Given information Block Start

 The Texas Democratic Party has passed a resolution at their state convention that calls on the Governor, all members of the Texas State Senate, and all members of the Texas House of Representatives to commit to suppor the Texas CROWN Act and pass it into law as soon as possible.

Given information Block End
Given information Block Start

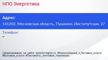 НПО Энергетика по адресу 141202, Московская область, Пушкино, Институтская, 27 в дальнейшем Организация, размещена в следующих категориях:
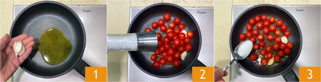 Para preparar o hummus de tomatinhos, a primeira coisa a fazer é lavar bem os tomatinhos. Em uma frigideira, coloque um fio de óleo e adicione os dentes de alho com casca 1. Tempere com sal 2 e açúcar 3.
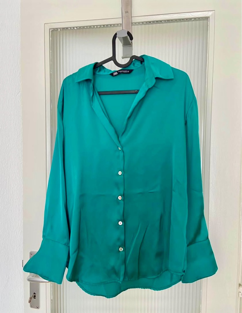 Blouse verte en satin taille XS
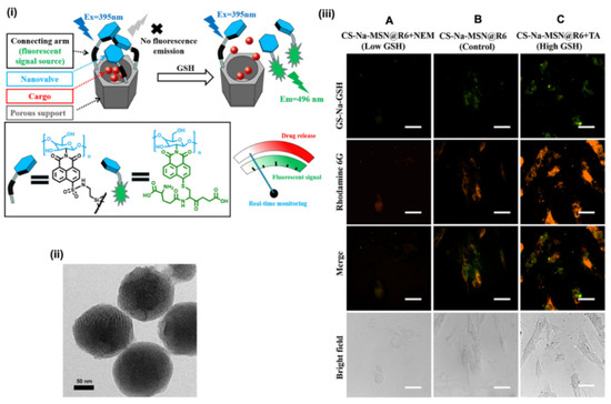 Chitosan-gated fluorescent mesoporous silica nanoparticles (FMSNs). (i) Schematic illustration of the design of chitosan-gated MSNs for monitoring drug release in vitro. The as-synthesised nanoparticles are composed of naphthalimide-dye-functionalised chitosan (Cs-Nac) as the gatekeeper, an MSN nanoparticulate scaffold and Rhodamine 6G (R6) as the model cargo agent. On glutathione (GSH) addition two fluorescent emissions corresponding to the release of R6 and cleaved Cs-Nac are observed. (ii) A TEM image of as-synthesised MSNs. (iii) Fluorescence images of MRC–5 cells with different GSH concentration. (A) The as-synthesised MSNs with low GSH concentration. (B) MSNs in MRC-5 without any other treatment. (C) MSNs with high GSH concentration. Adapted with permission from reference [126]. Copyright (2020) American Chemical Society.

Given information Block End
Given information Block Start

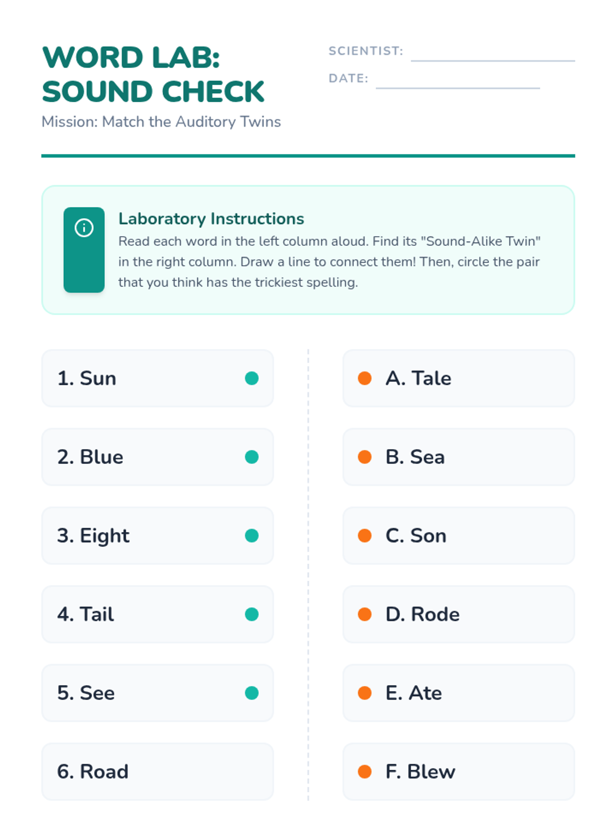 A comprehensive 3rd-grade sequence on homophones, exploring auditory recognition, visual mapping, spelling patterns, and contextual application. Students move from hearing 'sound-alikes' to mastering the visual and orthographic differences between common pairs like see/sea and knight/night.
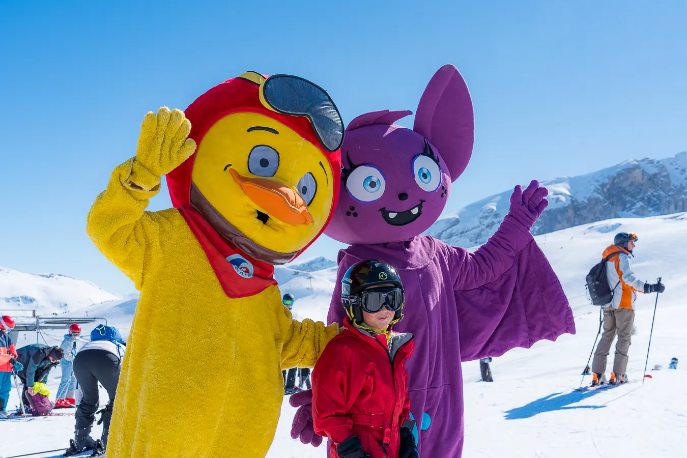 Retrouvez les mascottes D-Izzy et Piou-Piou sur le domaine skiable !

Given information Block End

From the data above, return exactly the lines from the one with "НПО Энергетика по" up to and including the one with "Blouse verte en satin taille XS". Pictures do not go in the copy.

 НПО Энергетика по адресу 141202, Московская область, Пушкино, Институтская, 27 в дальнейшем Организация, размещена в следующих категориях:
 Para preparar o hummus de tomatinhos, a primeira coisa a fazer é lavar bem os tomatinhos. Em uma frigideira, coloque um fio de óleo e adicione os dentes de alho com casca 1. Tempere com sal 2 e açúcar 3.
 Blouse verte en satin taille XS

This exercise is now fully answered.